What needs to be done
Every record, apart from its pictures, should be repeated exactly.

====== Record extracts

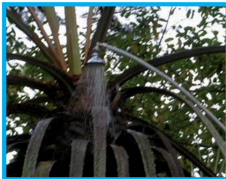
Trattamento con doccia
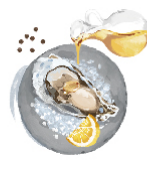
総料理長 オススメ レモンオイル ¥0 カルパッチョのような 味わいを楽しめる。
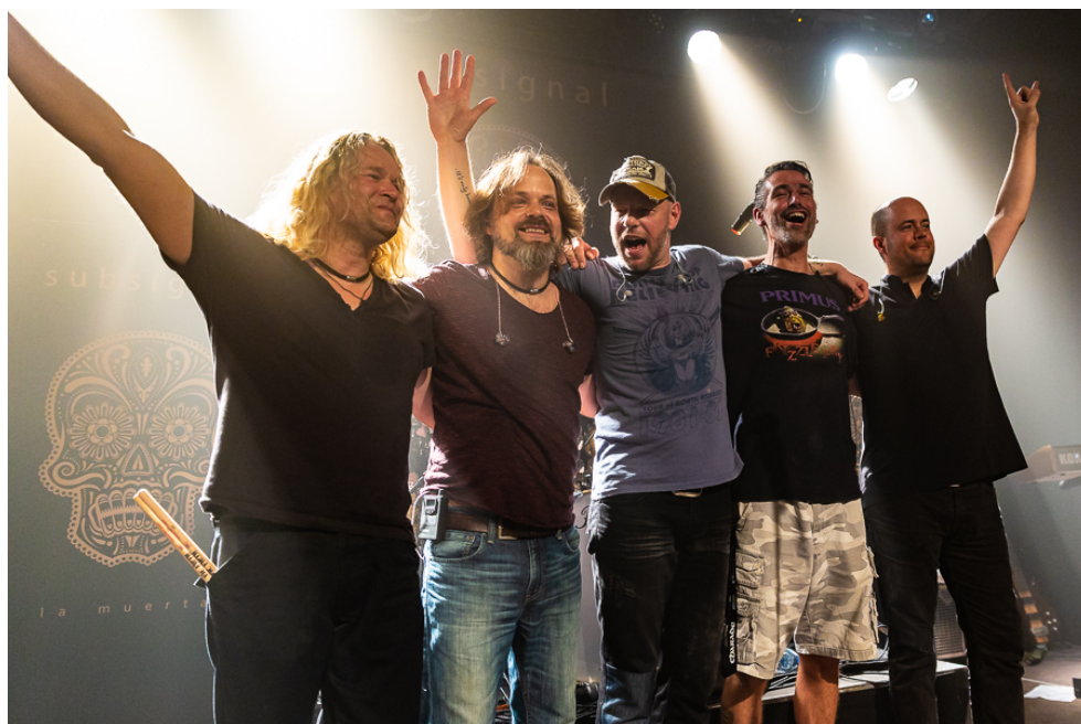
Subsignal (Foto: Andrew Ilms; übrigens auch bei den Illustrationen des Albums)
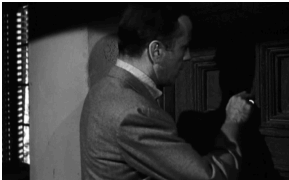
15_In a Lonely Place (1950)
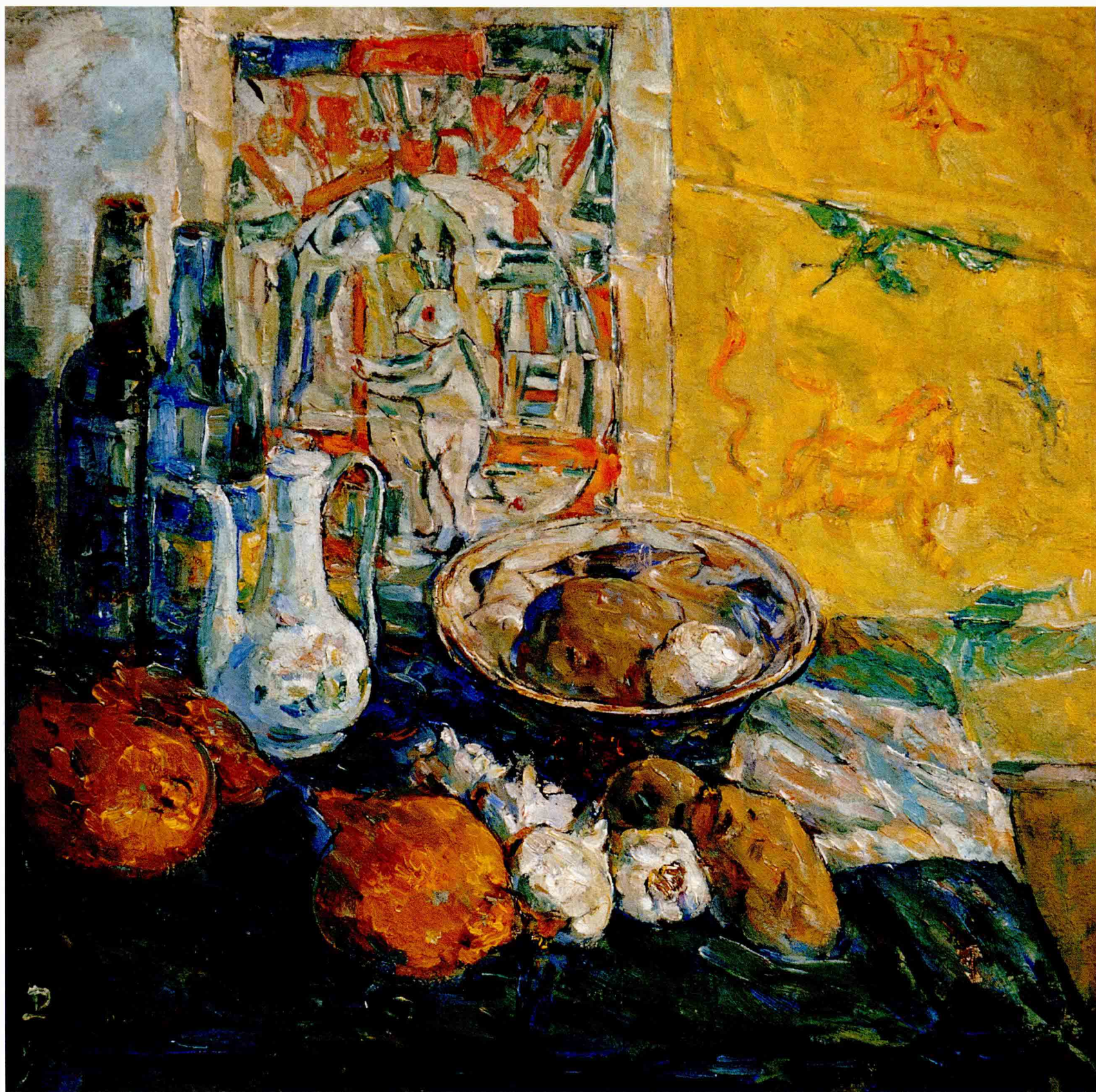
兔儿爷 56cm × 56cm 1962年
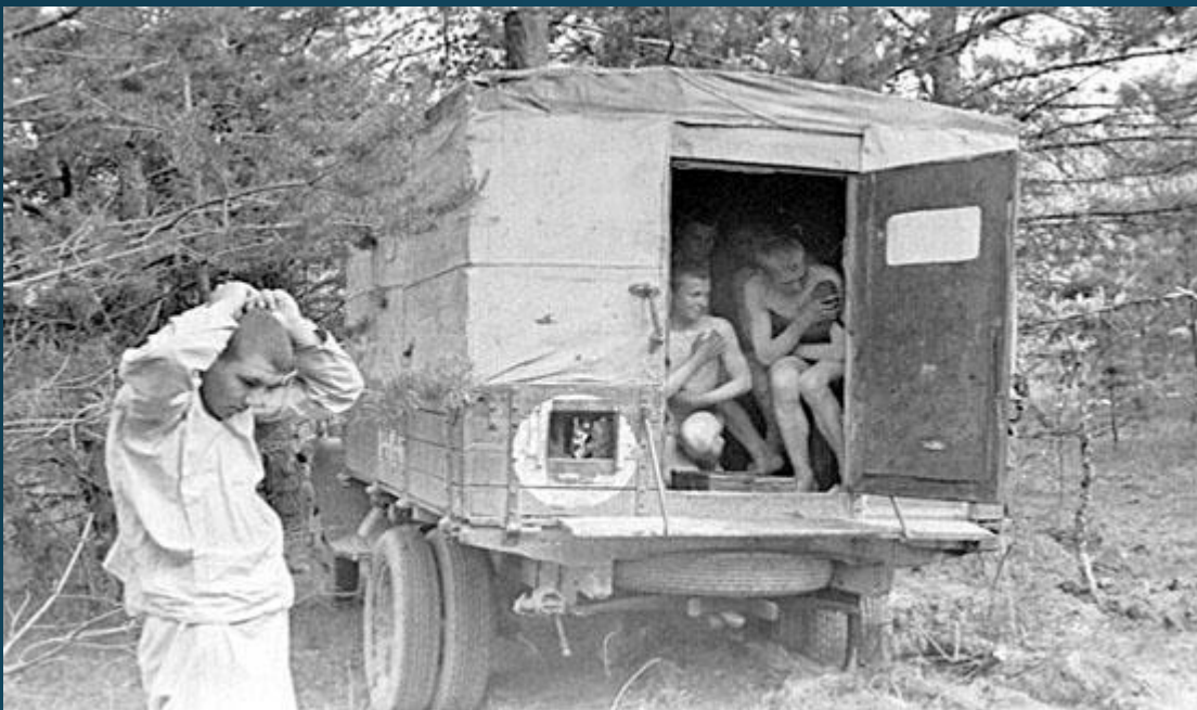
Бойцы гвардейской стрелковой дивизии моются в передвижной бане на передовых позициях Западного фронта.(1942 г.)
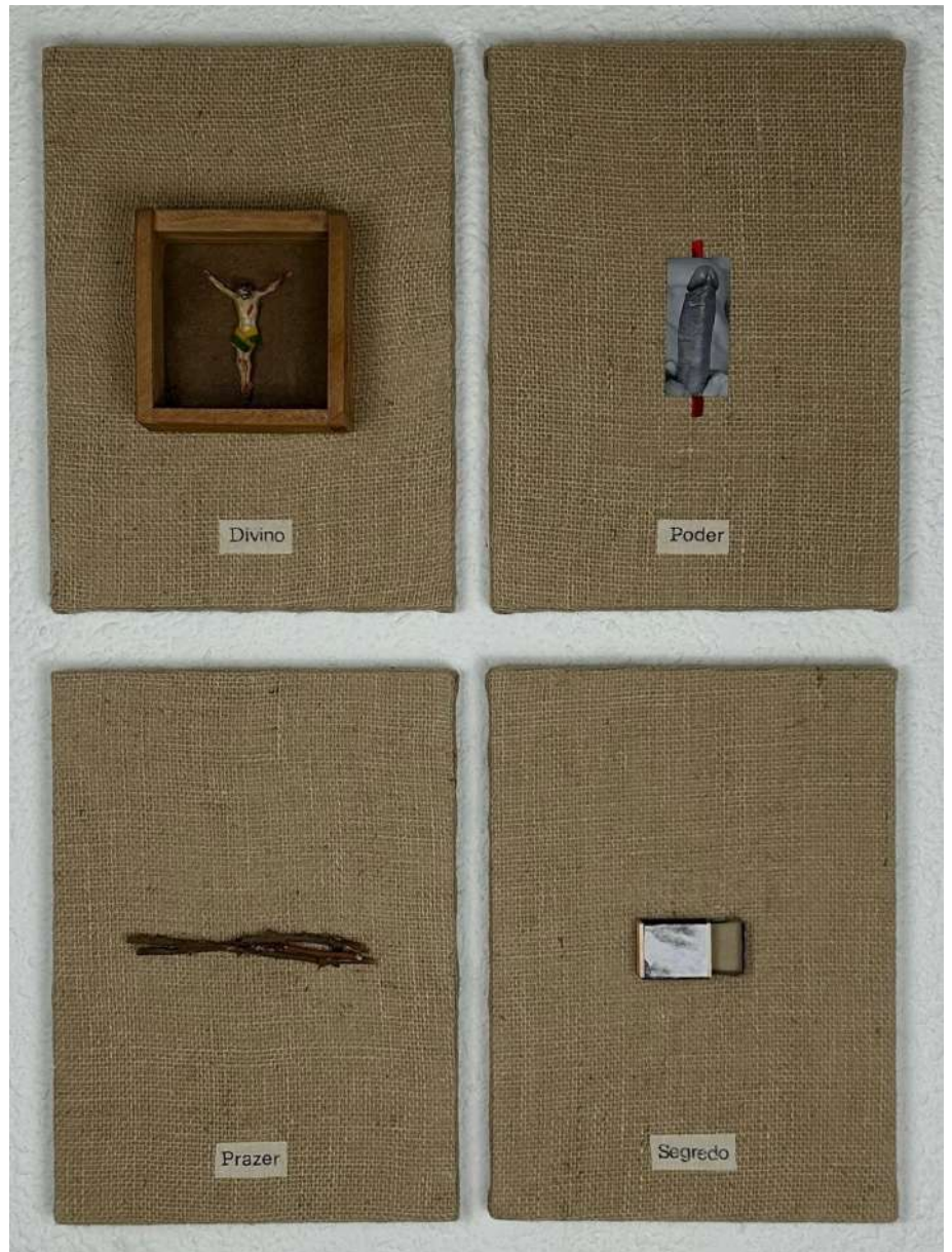
Sin los títulos, 1992. Arpillera, objetos y palabras impresas. 27 x 36 x 2 cm cada díptico Inventario Sur 24071RT; 24072RT

La asociación de ciertas palabras e imágenes puede provocar incomodidad, inquietud o controversia. Quizás por eso se vetó la participación de estos dípticos en una exposición institucional en Brasil en 1992. La obra permaneció oculta durante 34 años y ahora luce como la pieza inédita más antigua en la Galería Sur.

============

Exercise response
Trattamento con doccia
総料理長 オススメ レモンオイル ¥0 カルパッチョのような 味わいを楽しめる。
Subsignal (Foto: Andrew Ilms; übrigens auch bei den Illustrationen des Albums)
15_In a Lonely Place (1950)
兔儿爷 56cm × 56cm 1962年
Бойцы гвардейской стрелковой дивизии моются в передвижной бане на передовых позициях Западного фронта.(1942 г.)
Sin los títulos, 1992. Arpillera, objetos y palabras impresas. 27 x 36 x 2 cm cada díptico Inventario Sur 24071RT; 24072RT

La asociación de ciertas palabras e imágenes puede provocar incomodidad, inquietud o controversia. Quizás por eso se vetó la participación de estos dípticos en una exposición institucional en Brasil en 1992. La obra permaneció oculta durante 34 años y ahora luce como la pieza inédita más antigua en la Galería Sur.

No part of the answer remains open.